Wednesday, December 31, 2008

Season's Greenings - Recyled News You can Use...

On the one hand, we're exiting a year that is on record as one of the Top Ten HOTTEST...and I don't mean cool hot. I mean polar bears endangered hot. On the other hand, I'm pretty excited that as 2009 kicks in, all of the projects I'm scheduled to work on so far each are either bonafide environmentally conscious or at least have a tinge of green. That's pretty different from just three years ago when I was trying to get clients to at least let me purchase post-consumer waste paper for their sales kits.

But of course we still a ways from green streaks being mainstream speak.


Anyway, one of the projects will be the branding/marketing from the ground up, so to speak, of an eco-conscious improvement on an existing service-industry category (yes, that's all I can say for now!)... Another will be a mall tour for one of my mainstream media clients, but I got them to add an "e-cycle" overlay. It's this tour that got me thinking about sharing some of the stuff I've come across in researching electronics recycling providers.

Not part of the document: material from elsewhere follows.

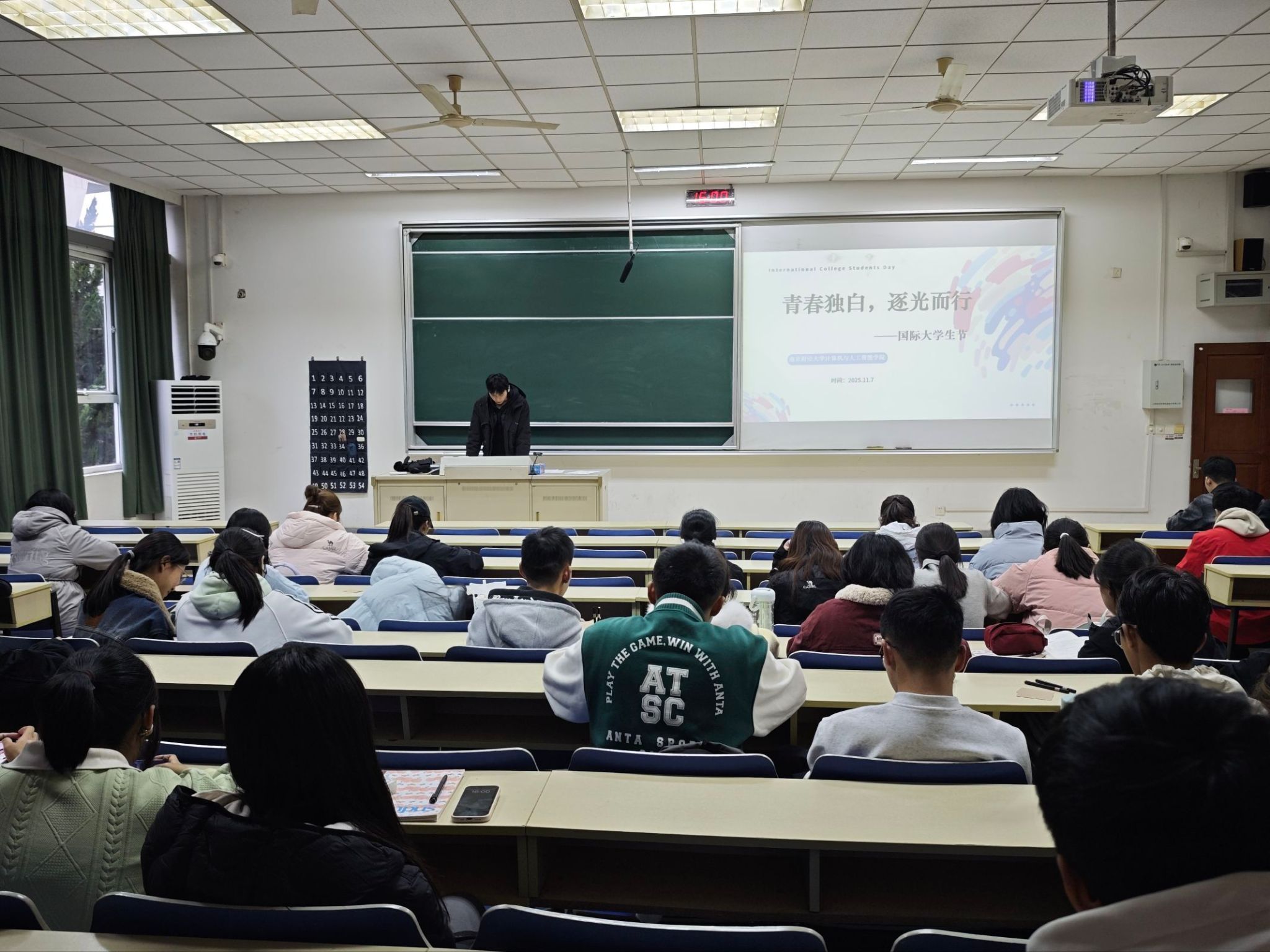 在德业楼113成功举办了一场独具匠心的国际大学生节主题活动。本次活动旨在点燃同学们青春的激情,唤醒他们肩负的责任与理想,照亮未来的人生航向。

At last year's Greener Gadgets conference (which is coming up again in February and for all you green gear heads out there it's a very cool event), I met the founders of three new companies:
  1. Myboneyard.com, which pays you for a lot of the stuff you'd just drop off for recycling (but things change quick. Last year I researched what they'd pay for my old Pentium Toshiba and it was about $35. This year it's worth bubkus to them.)
  2. Solio, which keeps your gadgets charged by the sun;
  3. HyMini (an unfortunate name that comes from Hybrid and Miniaturized, but still. Clearly they didn't talk to Moss Appeal first about their branding), which keeps your gadgets charged by the wind or sun or handcrank.
But, like I said, things changed. Now there more cash-for-trash sites and portable powerpacks out there, even as Solio and HyMini have evolved more...and a ton of ways to e-cycle, even in Alabama. And if you're lucky enough to live in a house vs. apartment, you might check out the Power Cost Monitor to show you exactly how much you just saved when you turned off that appliance or shut off your laptop when you left the room!

So, as you clear out the old (my never ending battle in my world of packrat meets closet-challenged apartment) and try to welcome a little less of the new, here are good sites with links to some of the e-cycling centers that should help. If that's still to hard to deal with, Waste Management and other companies will send you a postage-paid box you can fill with old electronics, for a fee.

Season's Greenings, and an abundance of health, wealth and happiness in the new year to you all.